FLORIDA’S ARCHAIC AND MANASOTA PERIOD POPULATIONS: DISTANT COUSINS OR UNRELATED NEIGHBORS ?

We welcome back bio archaeologist and forensic archaeologist Maranda Kles to our April 9 meeting. With the discovery of the submerged burial site off Manasota Key, there has been a surge of interest in the relationships of pre-contact Native American populations in Southwest Florida. Previous research has examined the biological relationships of several submerged Archaic burial sites in Florida, including Warm Mineral Springs and Little Salt Spring, which show shared mortuary practices and shared biological relationships. Other research has examined the relationships of the later populations that were buried on upland Manasota Key and nearby sites. This talk will review previous findings and examine the relationship of the Archaic populations to the later land-based Manasota Key population, as well as offer a discussion about the possible relationship of the offshore Manasota population. 


Maranda Almy Kles, Ph.D., RPA is a Registered Professional Archaeologist with over 10 years of experience in prehistoric archaeology and physical anthropology specializing in Southeastern archaeology and bioarchaeology. She earned her Ph.D. from the University of Florida and her thesis examined the biological and cultural associations of skeletal samples from throughout Florida. Dr. Kles has continued to expand on this research and has developed research interests in forensic anthropology and Southeastern archaeology.

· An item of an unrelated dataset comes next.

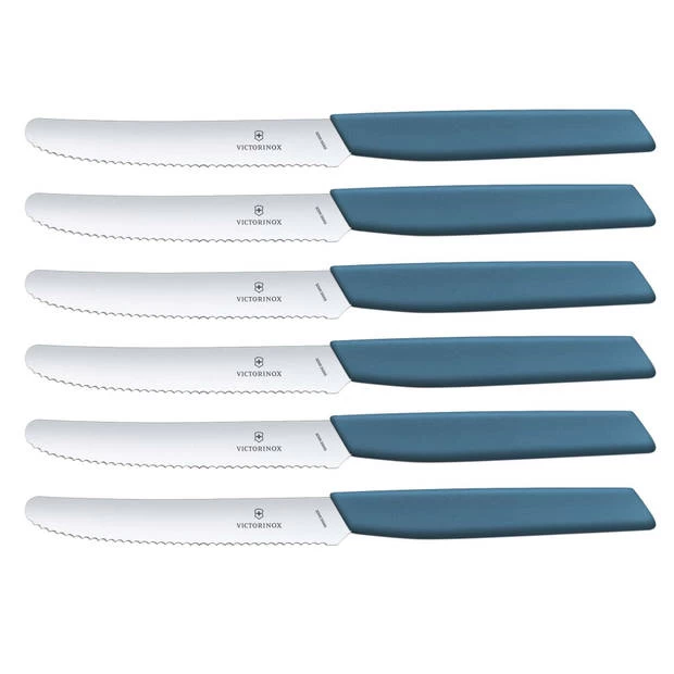 - Het bekende Victorinox mes in een modern jasje: het Swiss Modern blauwe tomatenmes. Deze multifunctionele tomatenmessen zijn onmisbaar in je keuken!

MARCH 2019 SPEAKER: Robert S. Carr

NEW DISCOVERIES OF THE EVERGLADES LANDSCAPE: LOST CREEKS AND PREHISTORIC SITES

Archaeological testing of agricultural fields in the eastern Everglades has resulted in the discovery of creeks and prehistoric sites buried beneath the muck. This creek system had been previously unknown and was undetected during earlier assessments. Aerial photographs taken during and after sugar cane cultivation revealed the ancient creek system and resulted in the discovery of a 2000-3000 year old prehistoric midden (8PB17113) and cemetery (8PB17114).


Archaeologist Robert S. Carr is the Executive Director of the Archaeological and Historical Conservancy, Inc. In his 35 years of experience in South Florida he was Miami-Dade County archaeologist and director of the Historic Preservation Division, and has worked for the National Park Service and the State of Florida. Carr was co-discoverer of the Miami Circle, led investigations at Preacher’s Cave in the Bahamas, and recently directed an extensive archaeological assessment at the Jupiter Lighthouse. He is the author of Digging Miami, a chronicle of the archaeology of greater Miami. He has a Master of Science Degree in Anthropology from Florida State University.